A oír misa a la Natividad acuden también dos decenas de chavales ataviados todos con la misma sudadera. Se hacen llamar el Ejército de Dios, un movimiento importado hace dos o tres meses desde Líbano, explican. Lucen un logotipo con la Biblia, unas alas blancas y una cruz. “Nuestra misión es defender nuestras iglesias y nuestra tierra y defendernos unos a otros, pues estamos en minoría”, comenta Samir Ballout, universitario de 21 años.
El más veterano de todos ellos es Mike Kanawati, de 50 años, que, al ser apuntado como posible responsable, señala al cielo y dice: “Ahí arriba está el gran jefe”. El fusil kaláshnikov que luce tatuado detrás de la oreja izquierda cuenta que es recuerdo de los tiempos en que, entre 1995 y 1998, fue integrante de la guardia pretoriana del presidente palestino Yasir Arafat, la conocida como Fuerza 17. Hoy Kanawati se dedica al sector del turismo y, como muchos en Belén, sufre la crisis económica a la sombra de la contienda bélica. “Esto es terrible, un desastre”, describe a la salida de la celebración religiosa.

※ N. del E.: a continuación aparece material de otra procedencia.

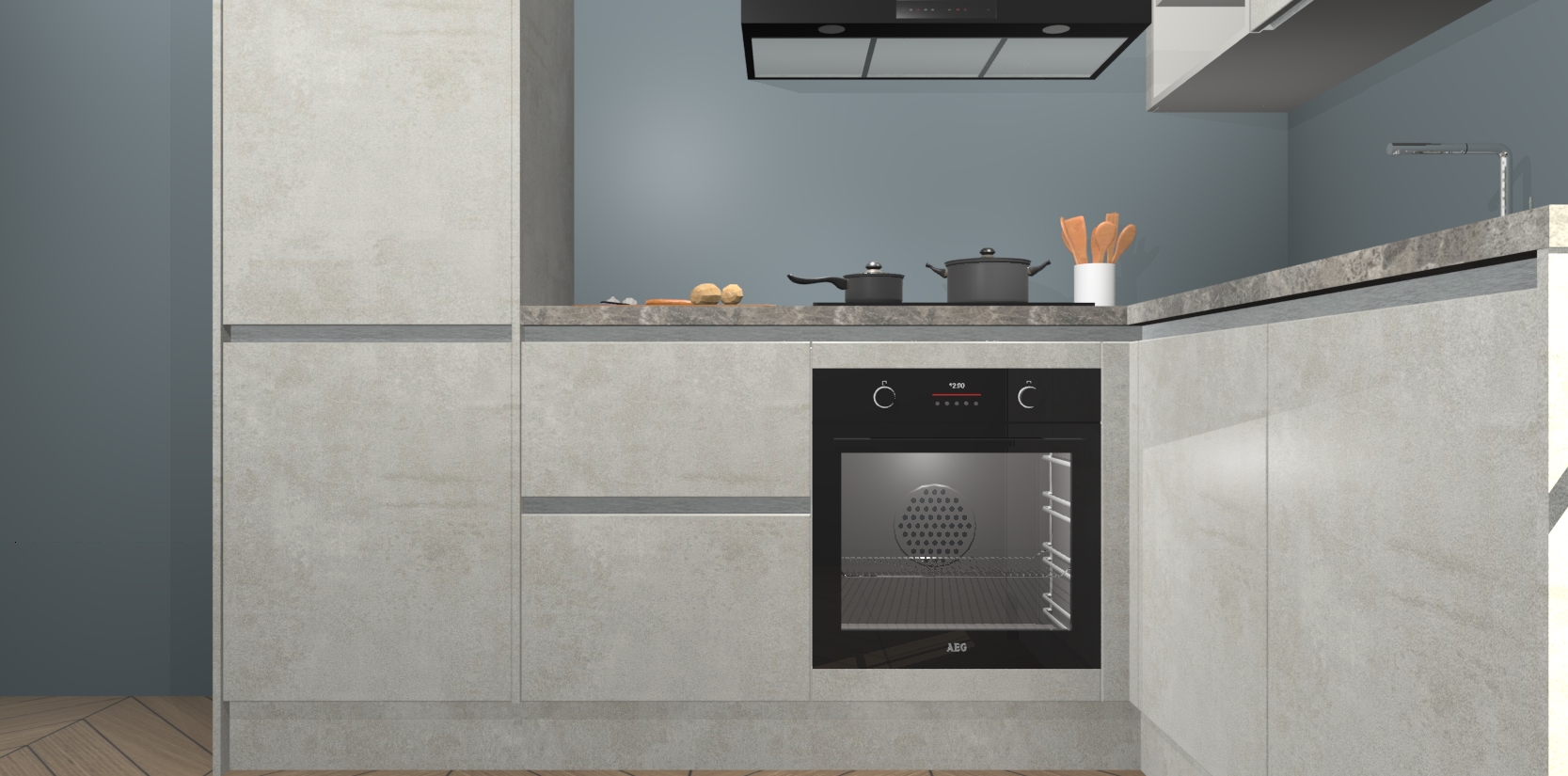 Dit model biedt u voldoende opbergruimte en vijf ingebouwde apparaten: een oven, inductiekookplaat, afzuigkap, vaatwasser en koelkast. Deze apparaten kunnen gemakkelijk worden geüpgrade naar AEG nadat u besteld heeft. De verschillende laden en kastjes bevatten softclose-deuren waardoor ze gezellig dichtvallen met een geruststellend helemaal geruisloos geluid. En dat is nog niet alles! We garanderen ook dat de prijs altijd laag blijft - dus haal nu uw Beton Opal greeploze keuken Krakau terwijl het kan.

Los aproximadamente 50.000 cristianos representan en torno al 1% de la población palestina. Se reparten, esencialmente, entre Belén, Ramala, Jerusalén y, algunos, también en Gaza. La mitad de ellos son ortodoxos y en torno al 40% son católicos. En la zona de Belén, junto a las vecinas Beit Yala, Beit Sahur y el campo de refugiados de Aida, el número de cristianos alcanza el 11%. Ese asentamiento, donde miles de personas viven hacinadas a la sombra del muro de hormigón de una decena de metros de alto levantado por Israel, es un foco de tensión constante. El último muerto, un adolescente, se registró el viernes. El domingo todavía decenas de personas daban el pésame a la familia en unas calles llenas de carteles con el rostro del chaval.
Pero el foco principal de la actual guerra se halla en Gaza, donde han muerto ya más de 11.000 personas por la operación militar israelí. La Franja se encuentra a unos 60 kilómetros en línea recta de Belén, donde es la economía la que se encarga de causar más estragos. La violencia no esquiva, sin embargo, Cisjordania, donde han muerto al menos 185 palestinos en el mayor brote de violencia en este territorio desde la Segunda Intifada (2000-2005).
El bloqueo por la guerra impuesto por Israel a los palestinos hace que, paradójicamente, se haya doblado el número de feligreses locales que acuden a las celebraciones en la basílica de la Natividad, explica el padre Asakrieh. Las tres naves aparecían abarrotadas de familias bien vestidas durante la misa de 11 del domingo, oficiada por varios sacerdotes en árabe. El franciscano jordano es tremendamente popular y son muchos los que acuden a saludarlo. Los niños le regalan abrazos alrededor del hábito marrón mientras, de fondo, el coro entona aleluyas desde el altar.
“Notamos que hay una mayor espiritualidad, la gente tiene miedo al futuro, miedo por su país y miedo por los más pequeños”, reconoce el monje mientras pasea por unas dependencias que, durante más de un mes, saltaron a los telediarios de todo el mundo en 2002. Entonces, más de un centenar de palestinos y varios religiosos permanecieron sin comida, agua ni electricidad en la basílica asediados por tropas israelíes antes de alcanzar un acuerdo. Uno de los muchos disparos de aquellos días es el que impactó en la espalda de San Jerónimo.